For Klopp, the stratospheric standards set by Guardiola’s City persuaded him that his Liverpool team would need to rein in their anarchic side in order to challenge for the title, to develop better and more reliable ways of recycling the ball against deep-set defences. Training exercises were increasingly geared towards structured attacking patterns, repeatable movements, drilled actions such as two men making dummy runs in the same direction so a third could exploit the space they created. Liverpool’s average possession rose from 55% to 63% in Klopp’s first five seasons, culminating in his restrained masterpiece: the title-winning season of 2019-20, in which 15 of their victories came by a single goal.

So there was a kind of symbiosis at work here, a shadow war that was most evident in their games against each other. Sometimes they cancelled each other out; at other times their fear of each other led them down weird tactical cul-de-sacs. The deployment of Jack Grealish as a false No 9 – a role he had never played before for City – in a 1-1 draw at Anfield in October 2021. The decision to play João Cancelo and Phil Foden as wing-backs a year later, a decision that backfired with a 1-0 defeat. Last April, Klopp went for all-out attack at the Etihad Stadium against a City missing Erling Haaland, and his side were devoured in midfield in a 4-1 defeat.

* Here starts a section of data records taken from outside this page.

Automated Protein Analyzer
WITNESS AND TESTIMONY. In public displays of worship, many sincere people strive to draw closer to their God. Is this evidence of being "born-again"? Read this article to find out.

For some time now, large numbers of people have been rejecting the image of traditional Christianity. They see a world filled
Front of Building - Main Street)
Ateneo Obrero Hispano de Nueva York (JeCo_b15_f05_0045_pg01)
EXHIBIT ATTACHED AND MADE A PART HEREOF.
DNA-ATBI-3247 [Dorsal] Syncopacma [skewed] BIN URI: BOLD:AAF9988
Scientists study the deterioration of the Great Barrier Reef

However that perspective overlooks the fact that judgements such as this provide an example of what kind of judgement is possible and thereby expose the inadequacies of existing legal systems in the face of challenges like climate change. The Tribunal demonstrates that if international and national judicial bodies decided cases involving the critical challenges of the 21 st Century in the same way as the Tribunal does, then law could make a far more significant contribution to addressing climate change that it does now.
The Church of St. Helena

England, naturally, would provide the perfect canvas for this dialectic: a goldfish bowl of theatre and outsized melodrama and screeching crowds and feverish devotion, but also a footballing culture crying out for a certain refinement. Quite apart from the success each has enjoyed – the four highest points totals in Premier League history, an appearance in five of the past six Champions League finals, the Big Six briefly rendered a Big Two – what is most notable about this era is the way they have consecrated principles that were at best contested when they arrived.

Everybody now presses high. Everybody now recognises the best time to win the ball back is when you’ve just lost it. Even amateur teams now pass the ball out from the goalkeeper. The result has been a certain homogenisation of style, the development of a footballing monoculture. But it is hardly the fault of Klopp and Guardiola that they were so good everybody felt the need to copy them.

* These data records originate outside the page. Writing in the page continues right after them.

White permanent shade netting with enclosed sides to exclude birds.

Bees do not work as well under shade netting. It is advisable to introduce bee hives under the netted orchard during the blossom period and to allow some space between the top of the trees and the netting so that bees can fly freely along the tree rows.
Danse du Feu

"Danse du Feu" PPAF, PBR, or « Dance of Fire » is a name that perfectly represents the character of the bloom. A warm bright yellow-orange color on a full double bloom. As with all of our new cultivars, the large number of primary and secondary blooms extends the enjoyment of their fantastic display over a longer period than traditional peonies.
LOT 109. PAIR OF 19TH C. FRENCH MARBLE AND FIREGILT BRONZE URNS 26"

With all the appropriate allowances for recency bias, the past eight years really do feel like a kind of golden age. What the Lionel Messi/Cristiano Ronaldo duopoly was to La Liga in the 2010s, Guardiola and Klopp have been to the Premier League: excellence begetting excellence, a shining exemplar that cast everything around it into a kind of irrelevance.

For any coach worth their corn, the Premier League became the place where you needed to prove yourself. Great coaches – Carlo Ancelotti at Everton, Manuel Pellegrini at West Ham, Mourinho and Conte at Tottenham – took jobs beneath their standing in a desperate attempt to cling on to this world, to be where life was. Will this still be the case in five years, after Guardiola goes, after Liverpool have rebuilt, after the court cases and the realignments?

Guardiola stays, for now, but he, too, is nearer the end than the beginning. Perhaps these two will meet again, either in the FA Cup or in some other league, or perhaps even in international football one day. But to all intents, once the final whistle blows on Sunday afternoon, all this will pass into memory. The curtain is coming down, and not just on a coach, or a rivalry, but what feels like a whole era of English football.